Can we teach students to think like scientists while learning science?
¿Podemos enseñarles a los estudiantes a pensar como científicos mientras aprenden ciencias?
¿Podemos ensinar os alunos a pensar como cientistas enquanto aprendem ciências?
In the past 20 years the educational community has accumulated enough data to say with conviction that
interactive engagement methods lead to better student learning gains than traditional transmission-mode
methods (MICHAEL, 2006; FREEMAN et al., 2014). As MITCHELL WALDROP (2015) said “At this point it
is unethical to teach in any other way.” But what is this way? There are many models of interactive engagement methods. One popular approach is the “flipped classroom” (FULTON, 2012). In the flipped classroom students read the textbook (or watch a video with the instructor explaining the material), then come to class and discuss what they read through answering questions posed by the instructor.
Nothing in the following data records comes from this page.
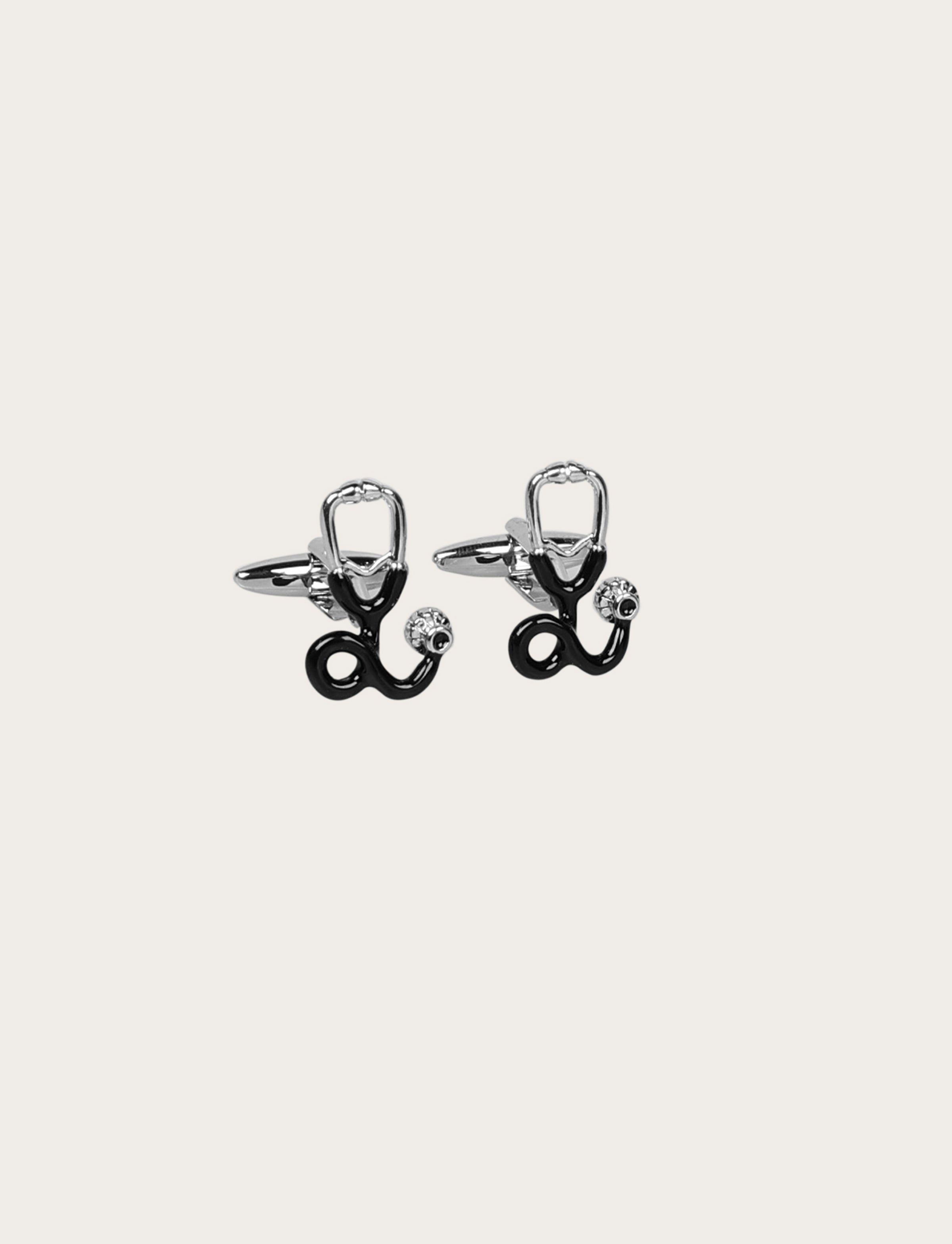 Gemelli dal design originale a forma di stetoscopio, realizzati in metallo lucido con dettagli neri a contrasto. Un accessorio distintivo che unisce eleganza e personalità, ideale per aggiungere carattere a camicie formali e outfit ricercati.
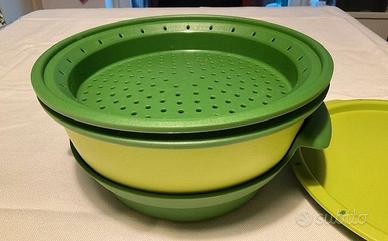 Cucina A Microonde a vapore. Facile da pulire. Lavabile in lavastoviglie.Il Cottura a vapore a 2 livelli: i due Scolapasta permettono di cuocere simultaneamente carne, pesce, verdure e/o frutta a vapore. Lo Scolapasta inferiore e il Coperchio vapore sono dotati di uno scudo metallico che impedisce il passaggio delle onde durante la cottura a vapore.Cm 13,7 diametro, h 26,5 Capacità 2,25 lt A scelta con 5 euro, fornito con i 8 pirottini originali.
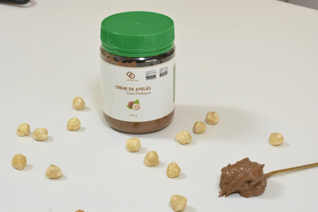 Ingredientes: açúcar, leite em pó desnatado, óleo de girassol, pasta de avelã tostada, óleo de palma fracionado, cacau em pó, óleo de coco, emulsificante (INS322) e aromatizante sintético idêntico ao natural. Conservar em local seco, em temperatura máxima de 20 °C.
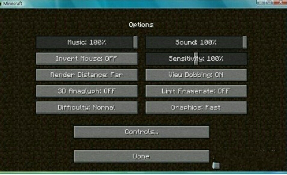 第一行:音乐键和音量键;第二行:鼠标反转,即鼠标移动和视角的关系和鼠标灵敏度;第三行:视野距离,游戏中可用F键即时调整和走动摇摆,游戏中以第一人称视角移动时屏幕模拟人真实走动的摇摆;第四行:3D立体模式和限制帧数;第五行:游戏难度,推荐使用的是Hard和画面质量;第六行:游戏控制,游戏控制子菜单翻译请看下图。
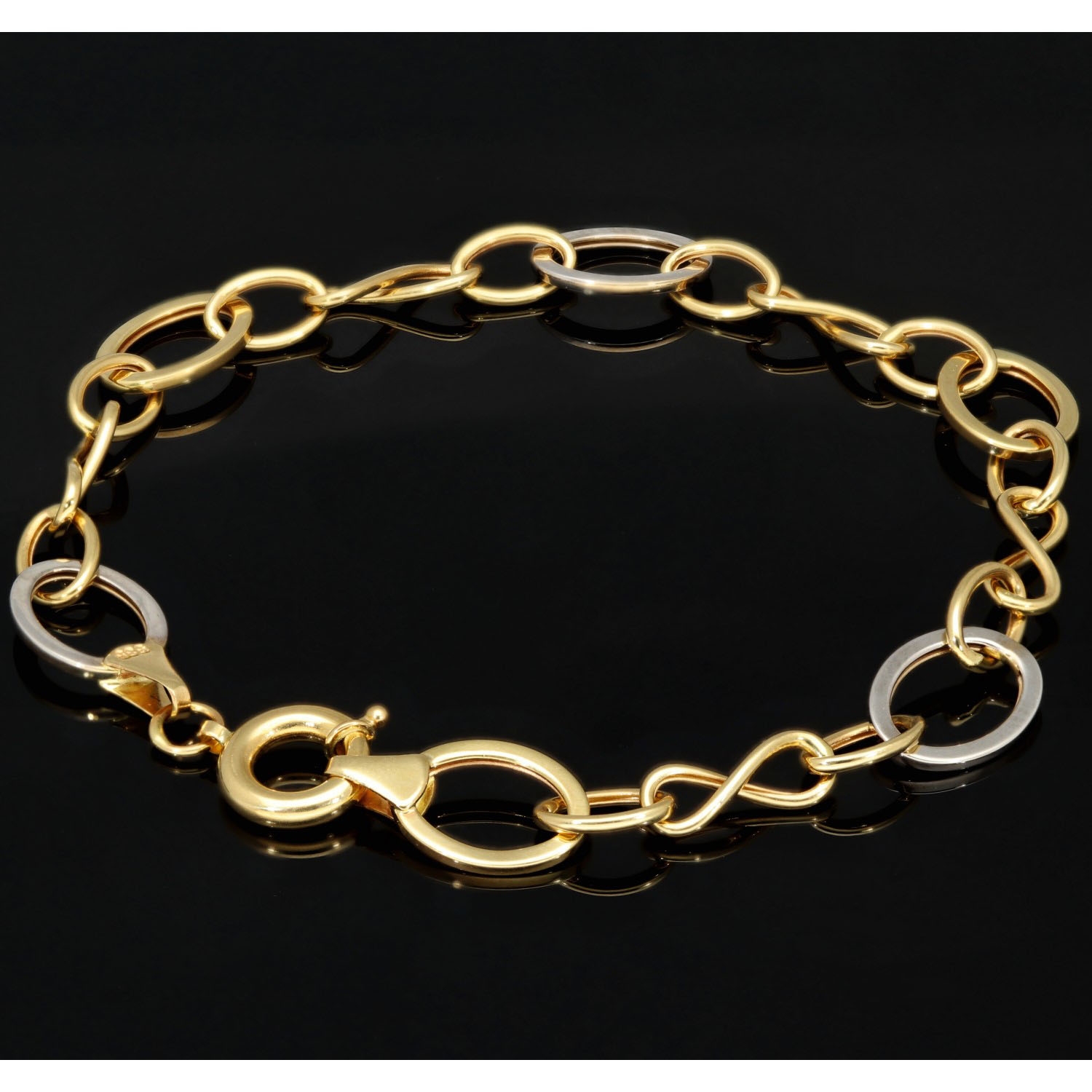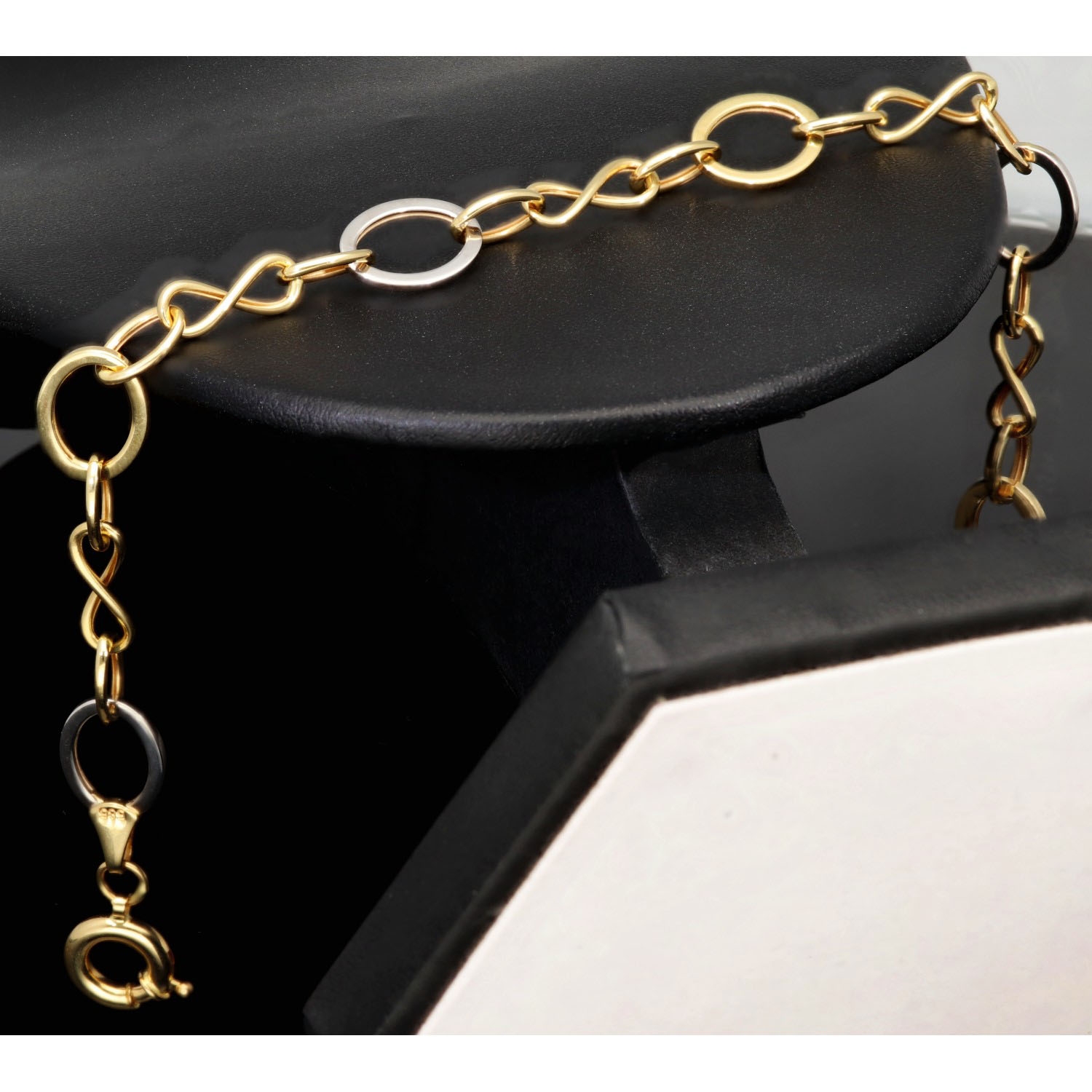 Dieses hochwertige Armband besteht aus 14K (585) Gelb- und Weißgold und verbindet klassische Ankerkettenglieder mit fein gearbeiteten Bicolor-Elementen. Die polierte Oberfläche sorgt für einen eleganten Glanz, während die unterschiedlichen Gliedformen dem Schmuckstück eine moderne und zugleich zeitlose Optik verleihen.
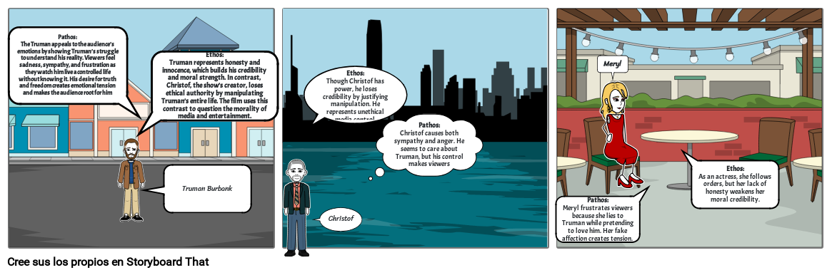 Ethos:Truman represents honesty and innocence, which builds his credibility and moral strength. In contrast, Christof, the show’s creator, loses ethical authority by manipulating Truman’s entire life. The film uses this contrast to question the morality of media and entertainment.
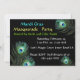 Élégante beauté fantaisiste, masques de carnaval vénitiens aux plumes vibrantes avec des yeux bleus expressifs en couleurs or rouge noir. Conception artistique de fête masquée avec des plumes de paon colorées sarcelle aqua bleu vert. Conception graphique numérique par Bulgan Lumini - Baldesign3d (c)
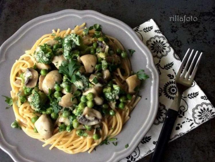 Hóesésben pedig kizárólag meleg, téli ételekre vágyom, így aztán egy jó kis tejszínes spagettinél kötöttem ki. Hogy a tavaszi vonal mégis megjelenjen, sok-sok zöld színt használtam benne, és végül egy marék medvehagymával is megdobtam.
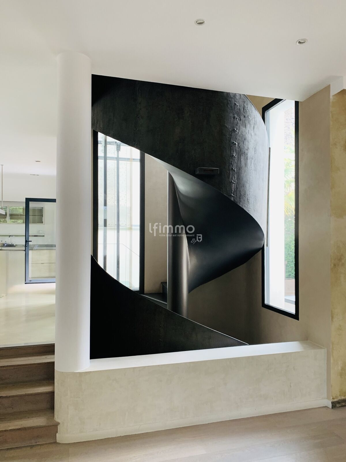 Le premier étage accueille une cuisine dînatoire ouverte sur une double réception séjour/salle à manger desservant un salon design accédant à une grande terrasse arborée avec soin et exposée plein sud.
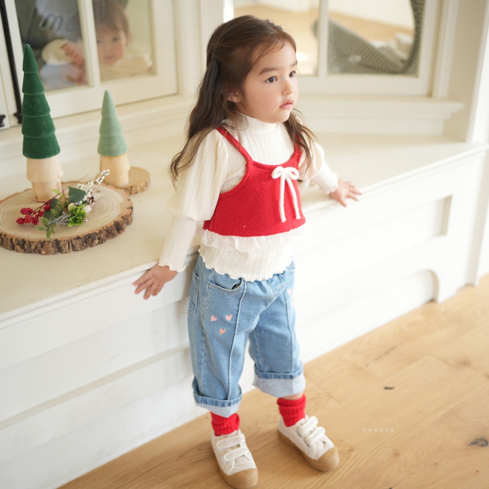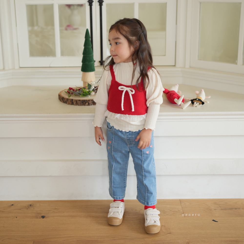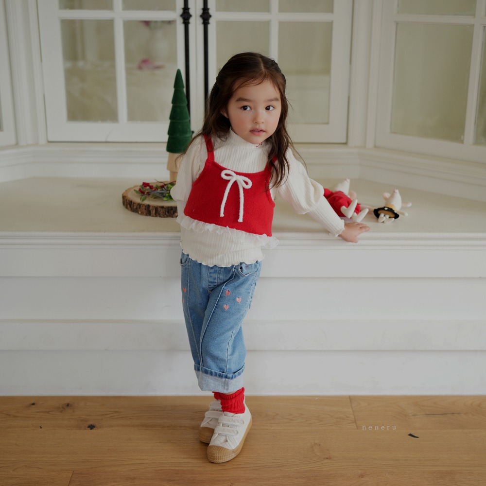 neneru28|(70cm-125cm) 1色愛心刺繡直筒牛仔褲
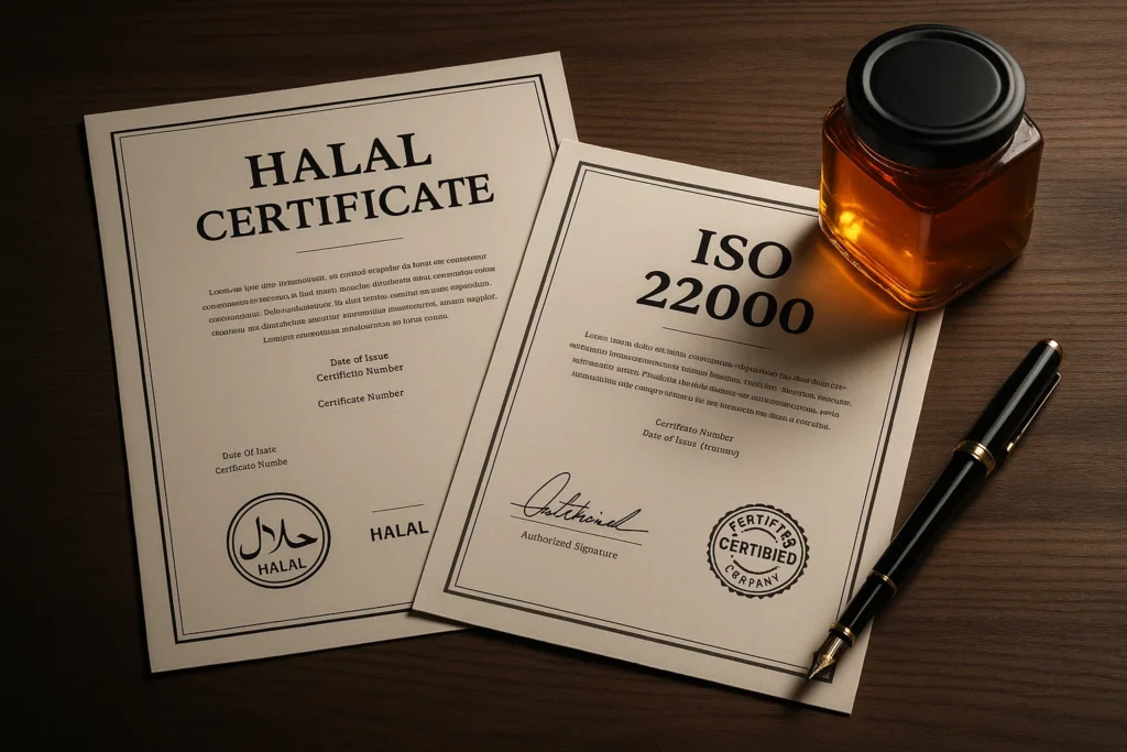 - گواهی حلال (Halal Certificate): برای ورود به بازارهای اسلامی، خصوصاً امارات، الزامی است. این گواهی نشان میدهد که محصول طبق ضوابط اسلامی تولید شده است.
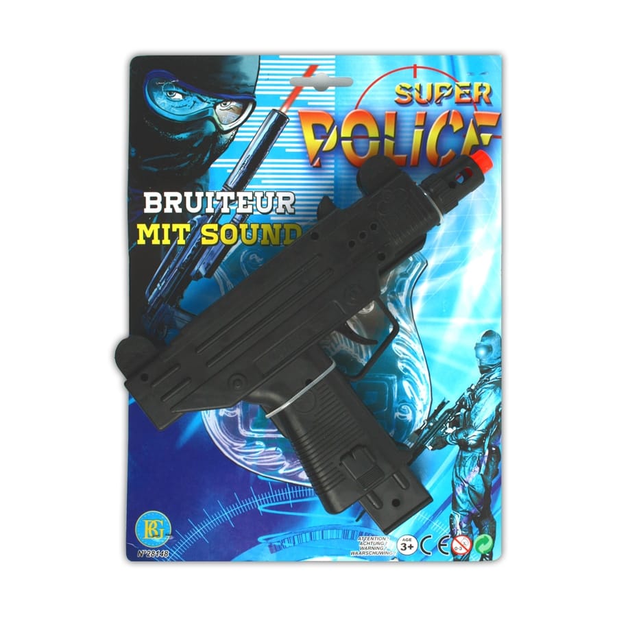 Si vous voulez que l'on prenne au sérieux votre déguisement de commando furtif ou de militaire en mission spéciale, il faut que vous ayez avec vous les bons accessoires qui valoriseront votre déguisement. Ce pistolet mitraillette bruiteur fait partie de ce genre d'accessoire. Il mesure 22 cm et est entièrement de couleur noire. Et surtout, il fait des étincelles lorsqu'on l'utilise.

They often work in pairs and participate in voting for the best answer. An example of a flipped classroom in physics education is the method of Peer Instruction (MAZUR, 1997). While the students in these classrooms work collaboratively answering questions and the professor limits lecturing to a minimum, the knowledge that students begin with comes from authority. Students get acquainted with physics concepts by reading the book or watching a video with an authority figure on the screen. While such methods lead to more learning than traditional lecturing, what message about physics are they sending to the students? One answer is that science is an area of study that can be learned by reading the book and discussing what you read in class. Is this the message we want our students to get from our science classes?